A three-judge panel of the court held in October 2018 that the Alien Tort Statute covers allegations that the companies aided and abetted slave labor. Allegations that the companies perpetuated overseas slave labor from headquarters in the U.S. are relevant to the statute’s focus, it said.
Eight judges dissented to denial of en banc rehearing.
“Violations of the law of nations—like genocide, slavery, and piracy—are horrific,” Judge Mark J. Bennett wrote for the dissent. “But in its zeal to sanction alleged violators, the panel majority has ignored the Court’s ATS roadmap.”
He referred to the U.S. Supreme Court’s 2018 holding in Jesner v. Arab Bank that victims of overseas atrocities can’t use a centuries-old law to sue foreign corporations for complicity, blunting what once was a favorite legal tool for human-rights advocates.

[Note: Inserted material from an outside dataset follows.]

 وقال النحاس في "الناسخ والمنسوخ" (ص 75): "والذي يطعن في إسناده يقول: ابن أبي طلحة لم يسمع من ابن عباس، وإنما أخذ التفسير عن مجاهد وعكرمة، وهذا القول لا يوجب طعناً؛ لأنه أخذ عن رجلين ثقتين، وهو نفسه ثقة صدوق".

The majority failed to properly analyze under Jesner whether a claim against the companies may proceed, the dissent said. It compounded that error by allowing this case to move forward even though their alleged conduct took place almost entirely abroad, it said.

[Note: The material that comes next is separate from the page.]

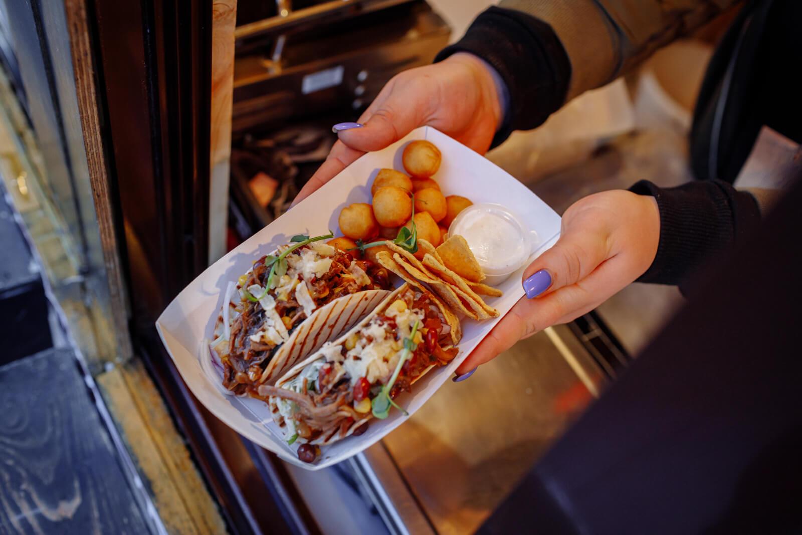 На ярмарке можно попробовать сочные тако-сеты от Comida Mexicana с цыпленком либо говядиной. Томленое мясо завернуто в хрустящую кукурузную лепешку с картофельными шариками, начос и сметанно-чесночным соусом.

Judges Dorothy W. Nelson, Morgan Christen, and Edward F. Shea, sitting by designation from the U.S. District Court for the Eastern District of Washington, served on the panel.
International Rights Advocates and Schonbrun Seplow Harris and Hoffman LLP represented the class.
Hogan Lovells US LLP and Gibson Dunn & Crutcher LLP represented Nestle. Mayer Brown LLP represented Cargill.
The case is Doe v. Nestle, S.A., 9th Cir., No. 17-55435, amended opinion; denial of en banc rehearing 7/5/19.